A balance sheet manager handles deposits into the pool's reserves, withdrawals to fund redemptions, and any interaction with external protocols or custody arrangements. The default implementation covers standard reserve management. But a builder can deploy a custom balance sheet manager that:
- Routes deposits into a DeFi lending protocol
- Manages on/off-ramp flows to fiat
- Implements a multi-strategy allocation engine
- Integrates with external custody solutions
The core enforces correct accounting for whatever the manager does. The allocation logic is entirely pluggable.
Cross-chain adapters
The same pattern applies to cross-chain messaging. The Gateway contract routes messages through adapters, and any contract that implements the IAdapter interface can be used. The protocol ships adapters for Axelar, LayerZero, Wormhole, and Chainlink CCIP. Pool deployers select which providers to use, and can add new ones as the interoperability landscape evolves. If a new messaging protocol launches with better economics or faster finality, it becomes available to every pool through a single adapter deployment.
Hook managers
Hook Managers are smart contracts deployed on spoke chains that build on top of the transfer hooks system to provide automated account management capabilities:
- Automated whitelisting: Programmatically add or remove addresses from whitelists based on custom logic or external events
- Freezing and unfreezing accounts: Dynamically control which accounts can transfer tokens in response to compliance requirements or risk events
- Custom access control logic: Implement rules for managing who can hold and transfer share tokens
Hook Managers enable builders to create permissioning systems that respond to onchain or offchain events, integrate with KYC/AML providers, or implement time-based restrictions, all without requiring manual intervention or modifications to the core token contracts.
Request managers
The image below shows the primary vaults implementation in the protocol, and how it leverages the immutable core as the base for cross-chain request handling logic. The orange contracts can be fully customized.
Developer stack
Beyond the protocol, builders leverage:
- Centrifuge SDK:a typed TypeScript interface for querying pool data, submitting investment requests, and managing vault operations.
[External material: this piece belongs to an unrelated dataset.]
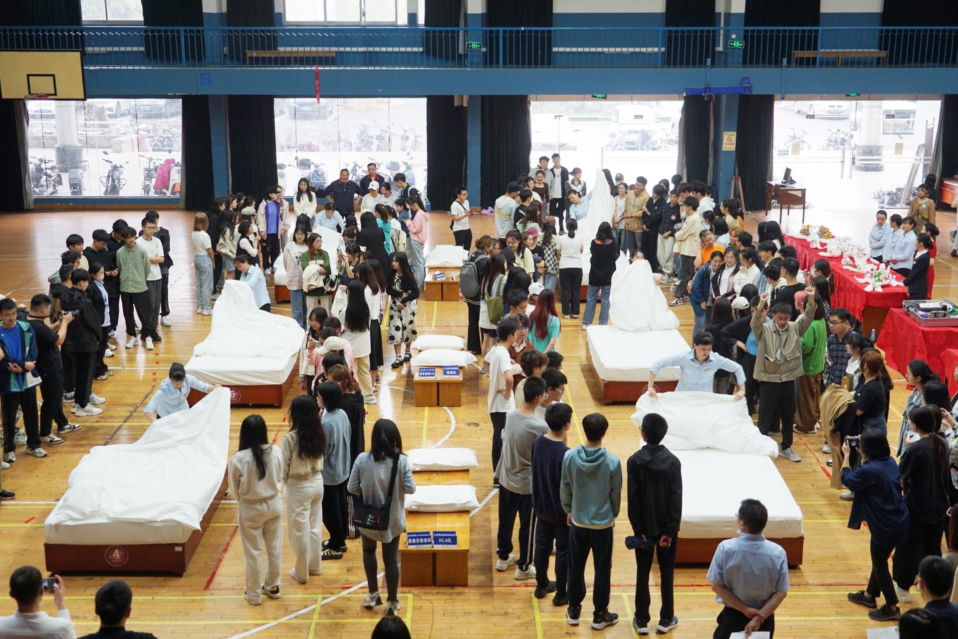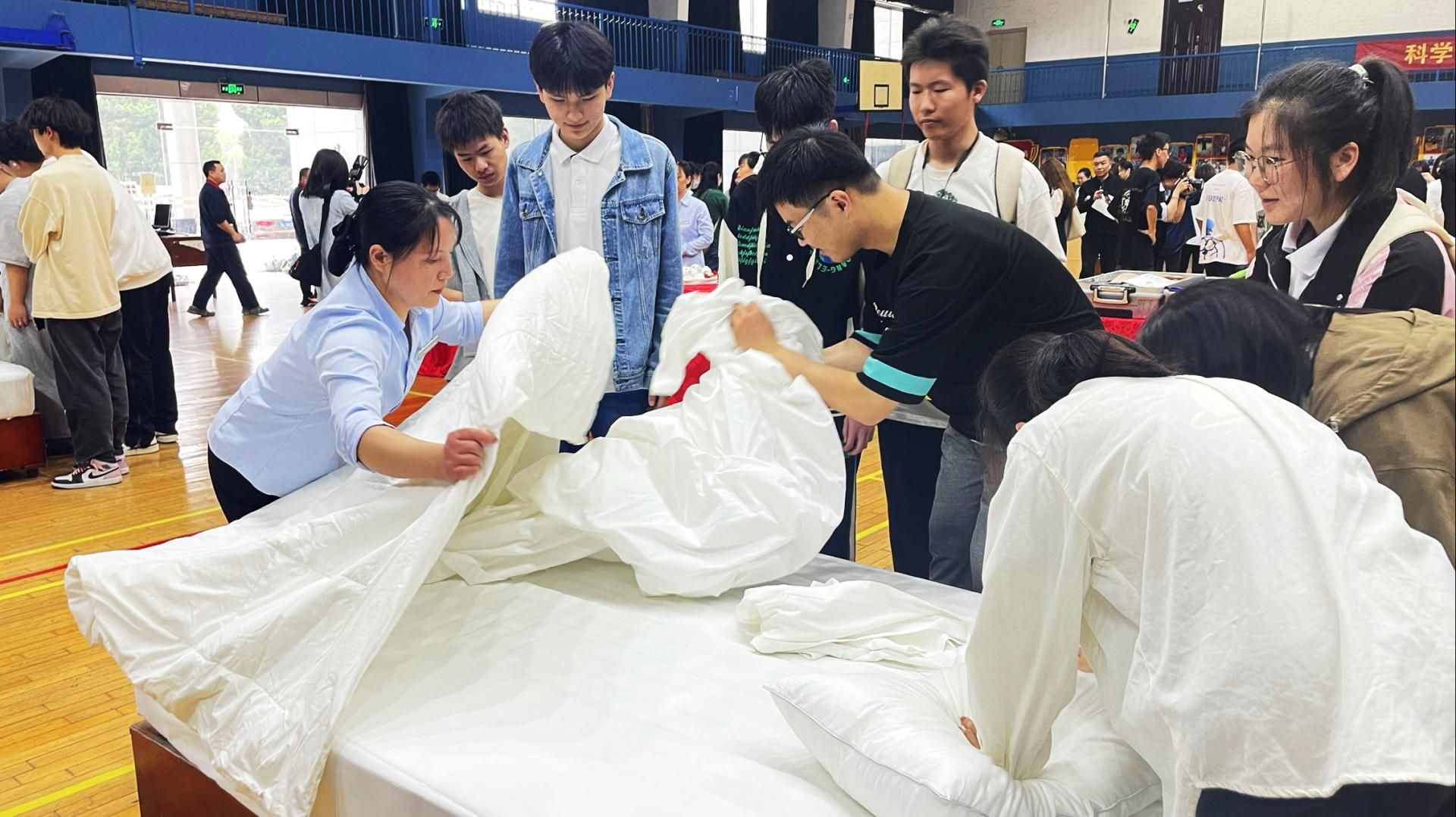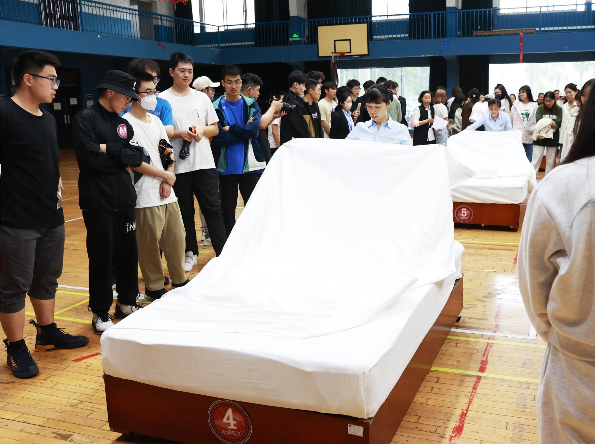比賽設(shè)置中式鋪床及衣物折疊兩個項(xiàng)目,先由后勤保障部工作人員進(jìn)行示范講解,同學(xué)們觀摩后動手實(shí)踐,最后現(xiàn)場比賽,現(xiàn)場氣氛非常熱烈。

- Centrifuge API:a public GraphQL endpoint for server-side integration or analytics without running your own indexer.
- Centrifuge Management App:a purpose-built interface for vault management and capital allocation: pool configuration, epoch processing, NAV updates, role-based permissions, and cross-chain deployment. No CLI required.
A team that would otherwise spend a year building vault infrastructure, cross-chain messaging, accounting, and an operations dashboard can go to production in weeks by building on what already exists.